07どうもこうも私は運が無いらしい。

現在、私は唖然としている。

廃坑を歩いていたら穴があったので、覗いてみたらその穴はおそらくこのダンジョンのボスであろう竜っぽい何かの部屋の天井につながっていた。早い話、私はボス部屋の真上にいた。


そしてボスと戦ってるのは数時間前に見つけた件の冒険者パーティー。

ついでに言うと何人か死んでいる。

というか全滅寸前。

鎧を着た奴2人だったモノは、恐らく竜の吐いた熱線によって胴体と頭を消し炭にされて即死。魔法使いらしき二人だったモノは一人虫のように潰され、一人頭を吹き飛ばされ、頭だったのは壁にこびり付いている。1人は踏み潰され、一人は何らかしらの方法で頭を吹き飛ばされたと思われる。

生きてるのは鎧着てる奴2人と魔法使いらしきエルフ1人と件の獣耳1人と言うところか。

あ、エルフが逃げた。恐らく助けを呼びにいくのだろう。だが、ボスが見逃すわけ無く、熱線で頭部と胴を消し炭にされ、残った腕、下半身が落ちる。熱線吐くのか、恐ろしいな。
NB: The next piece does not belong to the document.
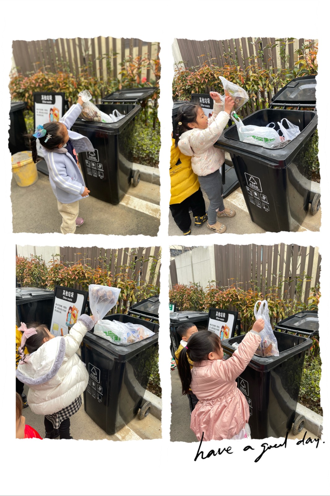 瞧,小宝贝们在老师的带领下积极地擦拭幼儿园的桌椅和体育玩具呢,还有的小朋友手拉手一起将地面的落叶捡了起来,根据垃圾的分类投放进入“其他垃圾”的垃圾桶。幼儿园在老师和小朋友们的齐心协力下变得焕然一新!

残された鎧着てる奴も奮戦するが、そろそろ限界だろう。

私は助けには行こうとしなかった。

理由は2つある。

1つ目、このまま助けに入っても自分ごと全滅。

2つ目、倒せたとしても今度は自分が襲われる。

そういうモノを除いても助けに行くつもりは無かった。

そう、無かったのだ。



逃げる。一瞬で吹き飛ばしてやると言ったエルフの魔法使いは頭を吹き飛ばされた。

もう一人の人種の魔法使いも踏みつぶされた。

剣兵の二人も熱線で御陀仏だ。

生き残ったもう一人のエルフの魔法使いが助けを呼びに行ったが、そいつももう死んだ。

遂に、剣兵と槍兵が死んだ。

次はあたしの番だろう。

ああ、よく考えたらろくでもない人生だった。

死を覚悟した瞬間、天井から落ちてくる人影が見えた。

次の瞬間には爆発が起こって、私は意識を失った。





あの獣耳が襲われかけたとき、私の体は既に動いていた。飛び降りて、私は各20本の噴進槍と飛翔爆雷を呼び出す。既に魔力は流されており、推進器が始動し、竜に向かって飛んでいく。

全て竜に直撃するが、殆ど効果はない。

だが、判ったことが一つだけある。飛翔爆雷によってもぎ取られた翼から出血していない。

恐らくゴーレムの類だろう。

とりあえず着地する。相手は既に熱線の準備をしている。

発射される前に気絶して倒れてる獣耳を回収。

直後に熱線が吐き出される。避けれたは良いが、あと数センチずれてたら死んでいた。

さて…

「どうやってあの装甲を突破するかねぇ…」

どれだけの硬さを持つかわからぬ装甲を持つ竜型のゴーレムに、今抱えている獣耳。

さて、本当にどうしようか。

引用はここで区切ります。